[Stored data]
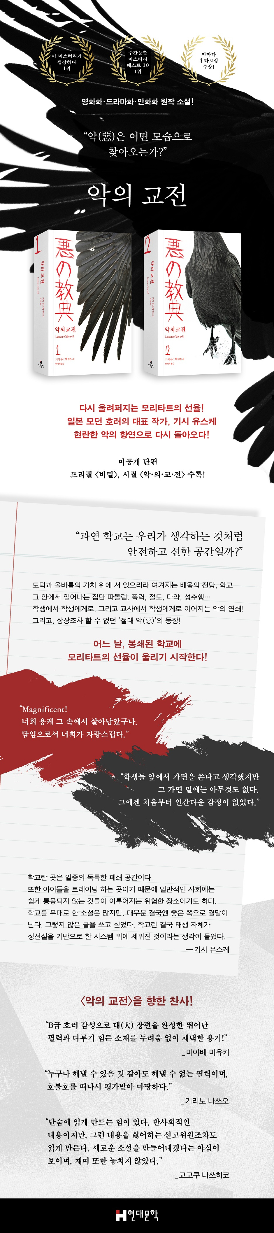 일본 모던 호러의 대표 작가, 기시 유스케의 『악의 교전』이 현대문학에서 재출간 된다. 『악의 교전』은 우리가 ‘선하고 안전한’ 공간이라 인식하는 학교가 “정말 그러한 곳인가?”라는 의문과 함께 시작한다. 소설 속 등장하는 학교는 이미 도덕적 올바름은 잃은 지 오래. 배움의 전당이라는 허울만 남은 학교 안에서 일어나는 집단 따돌림, 폭력, 절도, 마약, 성추행 등. 학생에서 학생에게로, 그리고 교사에서 학생에게로 이어지는 악의 연쇄 속으로 상상조차 할 수 없던 ‘절대 악(惡)’이 등장한다. 천사의 얼굴을 하고 학교를 조종하는 영어교사 하스미 세이지. 그리고 하스미는 아주 사소한 계기로 다시 연쇄살인마로 각성하게 되는데…….
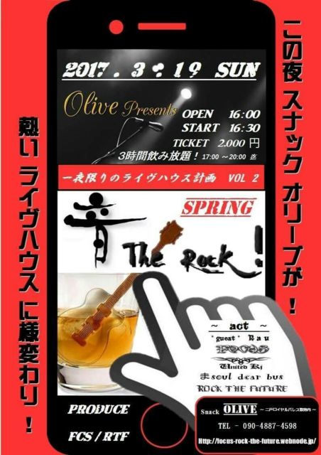 昨年7月に産声をあげた、 一夜限りのライヴ ハウス計画 音 The Rock ! の第2弾決行! お一人様 2,000円ポッキリで3時間飲み放題 と言う他に類を見ない太っ腹ライヴハウス計 画イベントです! 今期のスタートとして、是非皆様お誘いの上 パーッと馬鹿騒ぎしましょう (笑) 〜 F C S / R T F 〜
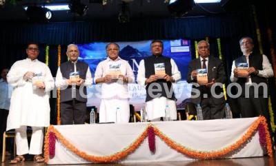 Union Minister Ravishankar Prasad with MN Venkatachalaiah, PJ Kurien, Rajya Sabha Deputy Chairperson and others releasing Sri M book “The Journey Continues, sequel to, Apprenticed to a Himalayan Master, A Yogi autobiography” at Bharatiya Vidya Bhavan, in Bengaluru on Saturday 22nd April 2017
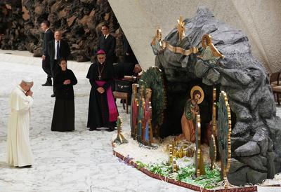 04/01/26. Bénie par le pape Léon XIV, la crèche « Nacimiento Gaudium » a remplacé la paille par 25 000 rubans, pour donner une voix aux enfants sauvés de l'avortement.
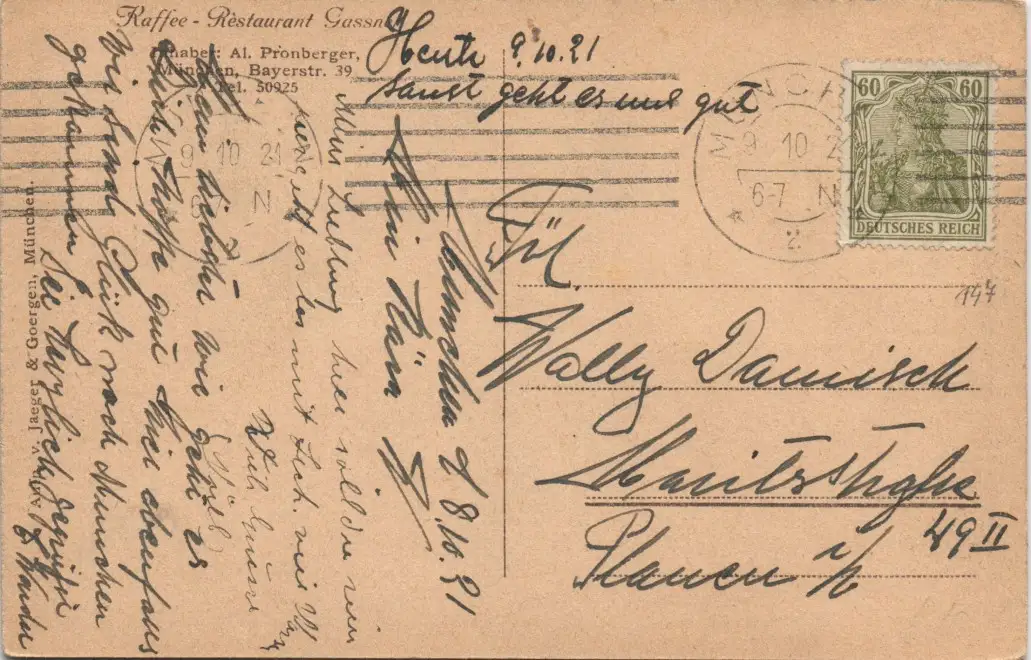 Ansichtskarte München Restaurant Gassner Bayerstr. 39 1921

### Problem to work on:
With the pictures dropped, give every entry above again exactly.

### Result:
 일본 모던 호러의 대표 작가, 기시 유스케의 『악의 교전』이 현대문학에서 재출간 된다. 『악의 교전』은 우리가 ‘선하고 안전한’ 공간이라 인식하는 학교가 “정말 그러한 곳인가?”라는 의문과 함께 시작한다. 소설 속 등장하는 학교는 이미 도덕적 올바름은 잃은 지 오래. 배움의 전당이라는 허울만 남은 학교 안에서 일어나는 집단 따돌림, 폭력, 절도, 마약, 성추행 등. 학생에서 학생에게로, 그리고 교사에서 학생에게로 이어지는 악의 연쇄 속으로 상상조차 할 수 없던 ‘절대 악(惡)’이 등장한다. 천사의 얼굴을 하고 학교를 조종하는 영어교사 하스미 세이지. 그리고 하스미는 아주 사소한 계기로 다시 연쇄살인마로 각성하게 되는데…….
 昨年7月に産声をあげた、 一夜限りのライヴ ハウス計画 音 The Rock ! の第2弾決行! お一人様 2,000円ポッキリで3時間飲み放題 と言う他に類を見ない太っ腹ライヴハウス計 画イベントです! 今期のスタートとして、是非皆様お誘いの上 パーッと馬鹿騒ぎしましょう (笑) 〜 F C S / R T F 〜
 Union Minister Ravishankar Prasad with MN Venkatachalaiah, PJ Kurien, Rajya Sabha Deputy Chairperson and others releasing Sri M book “The Journey Continues, sequel to, Apprenticed to a Himalayan Master, A Yogi autobiography” at Bharatiya Vidya Bhavan, in Bengaluru on Saturday 22nd April 2017
 04/01/26. Bénie par le pape Léon XIV, la crèche « Nacimiento Gaudium » a remplacé la paille par 25 000 rubans, pour donner une voix aux enfants sauvés de l'avortement.
 Ansichtskarte München Restaurant Gassner Bayerstr. 39 1921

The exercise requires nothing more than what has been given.